Хансиро на мгновение замер, обдумывая ее слова. Человек с запада мог быть самураем покойного князя Асано, равно как и вассалом какого-нибудь его соседа. И в этом случае он, конечно, нанят Кирой, потому что знает княжну Асано в лицо. На прощание Хансиро оставил торговке угрями то, что ценнее денег, — улыбку.
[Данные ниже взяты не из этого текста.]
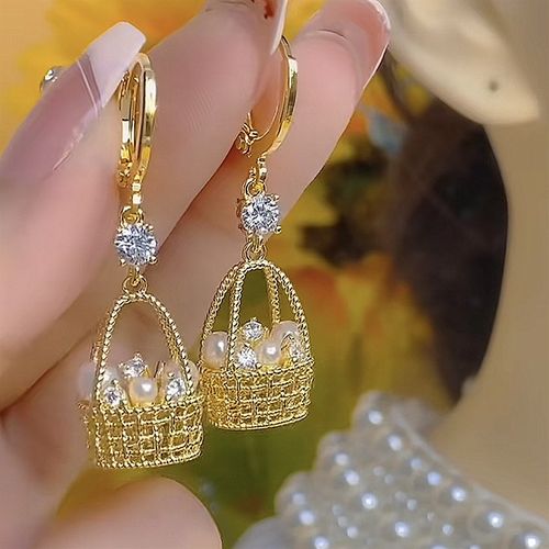 Women's Golden Pearl Zircon Flower Basket Huggie Earrings - Luxury, Fashionable, Elegant & Versatile
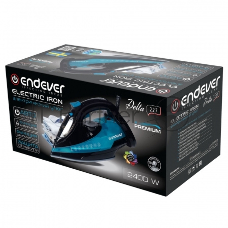 Утюг Endever Delta-227 черный/лазурно-синий, 2400 Вт, 50 г/мин, 150 г/мин, 330 мл
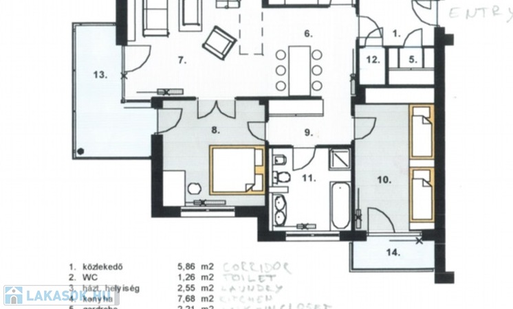A lakás elosztása praktikus és kényelmes: nappali, 2 hálószoba, külön konyha, duplakomfortos fürdőszoba, valamint két nagy, napos terasz tartozik hozzá. A lakás klimatizált, a fűtésről gázkazán gondoskodik. A bérleményhez teremgarázs-beálló is tartozik, amely kényelmes parkolást biztosít a lakóknak.
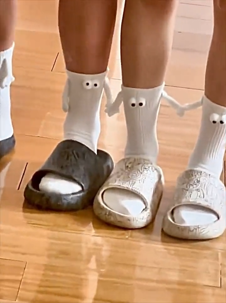 這是由最多情報局(@tyomateee)在Twitter(現稱X)上所分享的趣味影片,從內容中可以看到這雙襪子,上頭不只是個別有雙可愛的生動眼睛,在襪子的兩側還長出一對雙手,而有趣的就在這裡了,這兩隻手由於裡面還藏著小型的磁鐵,因此一旦靠近,襪子之間就會將手緊緊牽在一起。
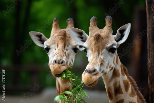 Naklejka premium Two giraffes are chewing fresh green leaves, showing their herbivore nature...
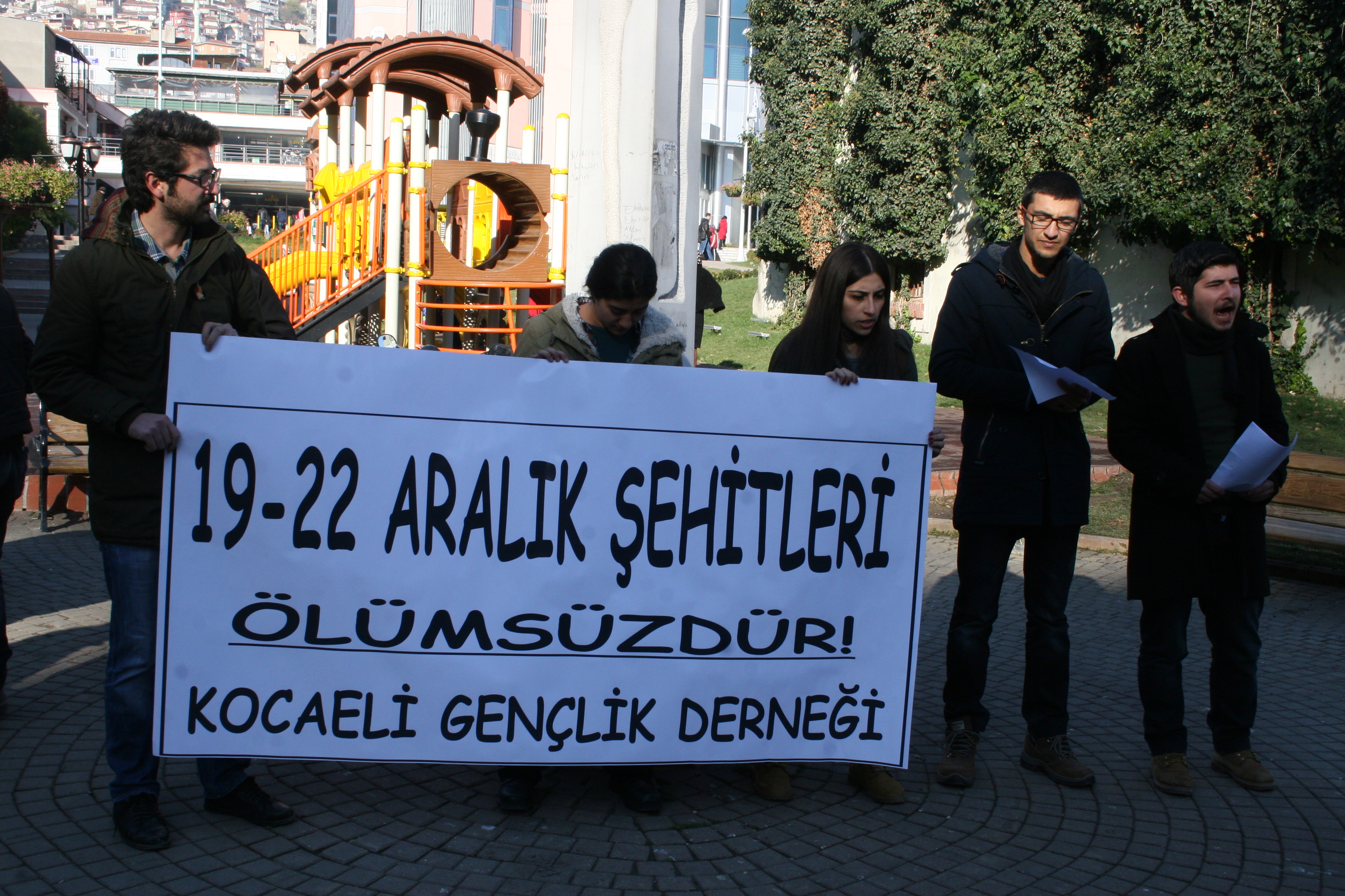 İzmit’teki Sabri Yalım Parkı’nda Dev-Genç üyeleri adına basın açıklaması yapan Uğur Budak, 20 hapishaneye ‘’hayata dönüş’’ adıyla yapılan eş zamanlı operasyonu katliam olarak nitelendirip, ‘’28 devrimci tutsak diri diri yakılarak katledildi’’ dedi. Budak, 20 Ekim 2000 tarihinde başlatılan ölüm orucu direnişini de anımsatarak, ‘’Bu direniş, 22 Ocak 2007’de 122 şehitle zafer kazandı. Şehitler, dünyada en uzun ölüm orucunu gerçekleştirerek yeni gelenekler bıraktı. 19-22 Aralık’taki direnişin sahibi devrimciler F tiplerinde de yeni gelenekler yaratmaya devam ediyor. Tecrit hücrelerine atılan özgür tutsakların bugün başlarının dik olduğunu, o hücrelere teslim olmamak için direnerek ürettikleri ürünlerde görüyoruz’’ diye konuştu.
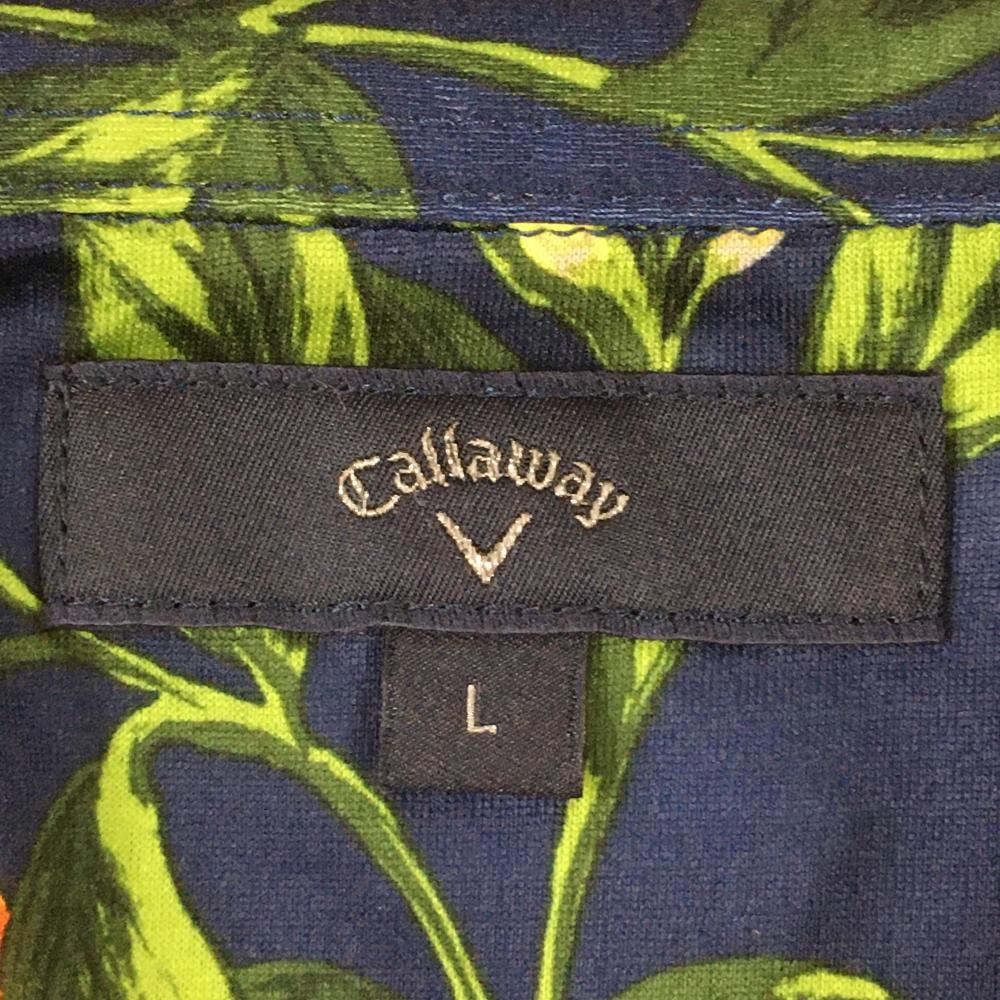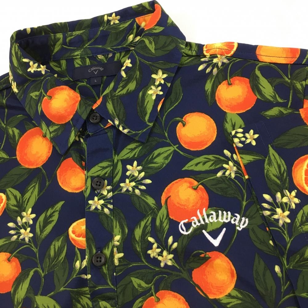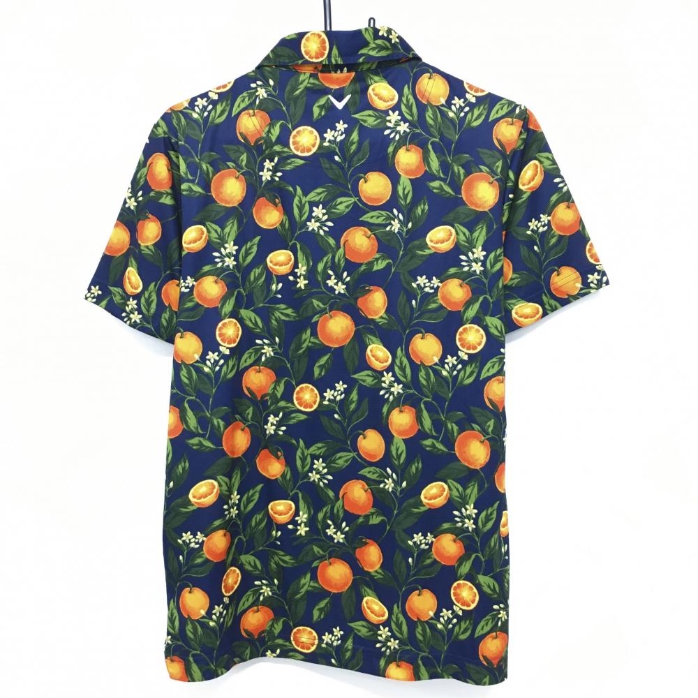 【超美品】キャロウェイ 半袖ポロシャツ ネイビー×オレンジ オレンジ総柄 ロゴ刺しゅう メンズ L ゴルフウェア Callaway
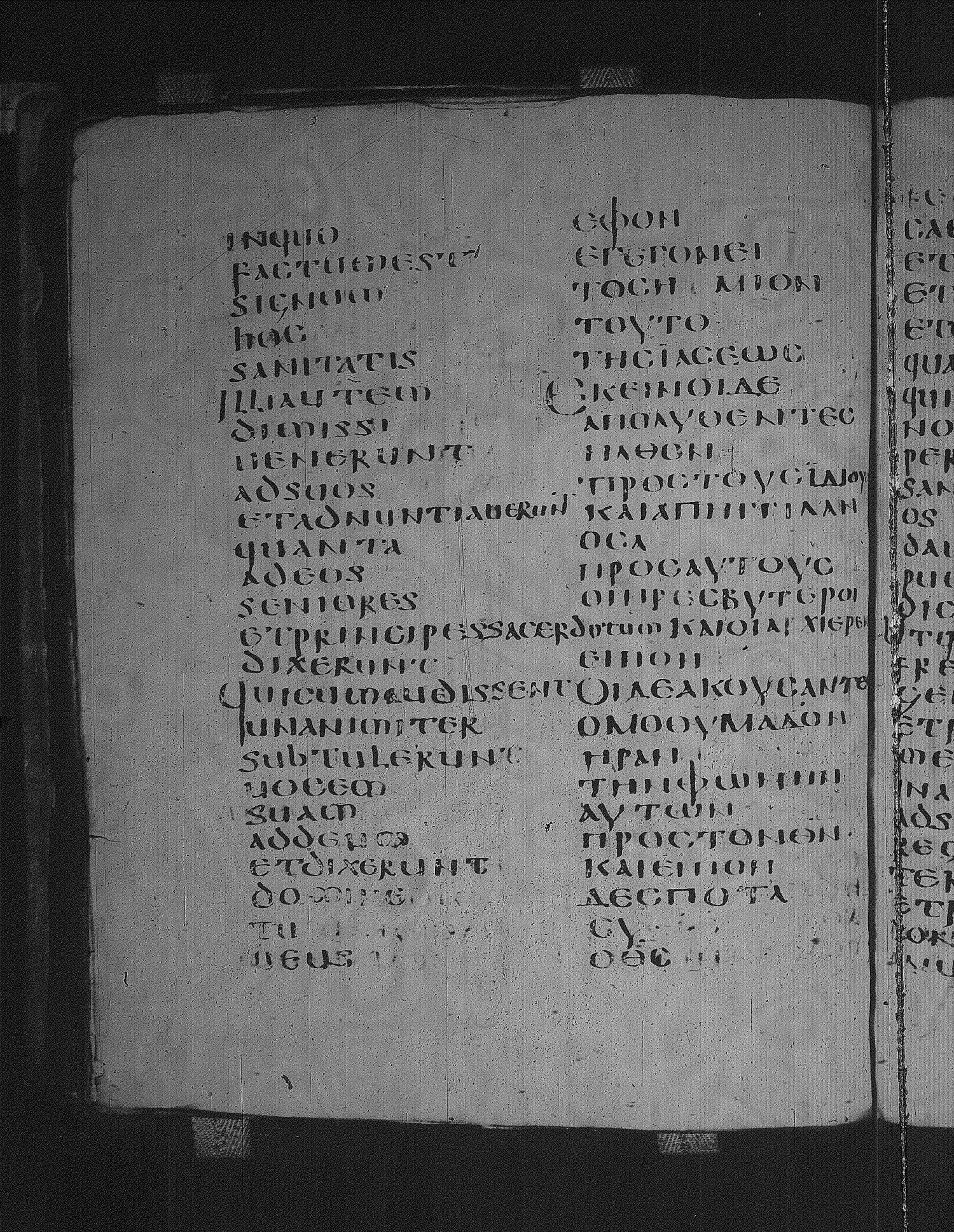 Codex Laudianus is a sixth century manuscript of the Apostolos on parchment; Greek-Latin diglot; 227 leaves, 2 columns, 24+ lines per column. For more recent images, please visit the Bodleian Library

И она, похоже, поняла, какую редкость получила в подарок.
Ронин из Тосы направился в Накамурадза, театр Ситисабуро, — и прежде всего потому, что имя актера числилось в списке, который выдала сыщику Кувшинная Рожа. Кроме того, Сороконожка сообщил приятелю, что актер частенько договаривался с Кошечкой о свиданиях, но судя по всему, не сажал свою «птицу» в ее «гнездо». Тут было над чем поразмыслить.
Кроме того, Ситисабуро был искусным актером, и Хансиро нравилась манера его игры. Этот мастер сцены так и не перешел на новый вульгарный «грубый стиль», который так любили в Эдо торговцы и самураи. Хансиро был полностью согласен с тем театральным критиком, который сказал, что Ситисабуро — как патентованное лекарство: хорош на все случаи жизни.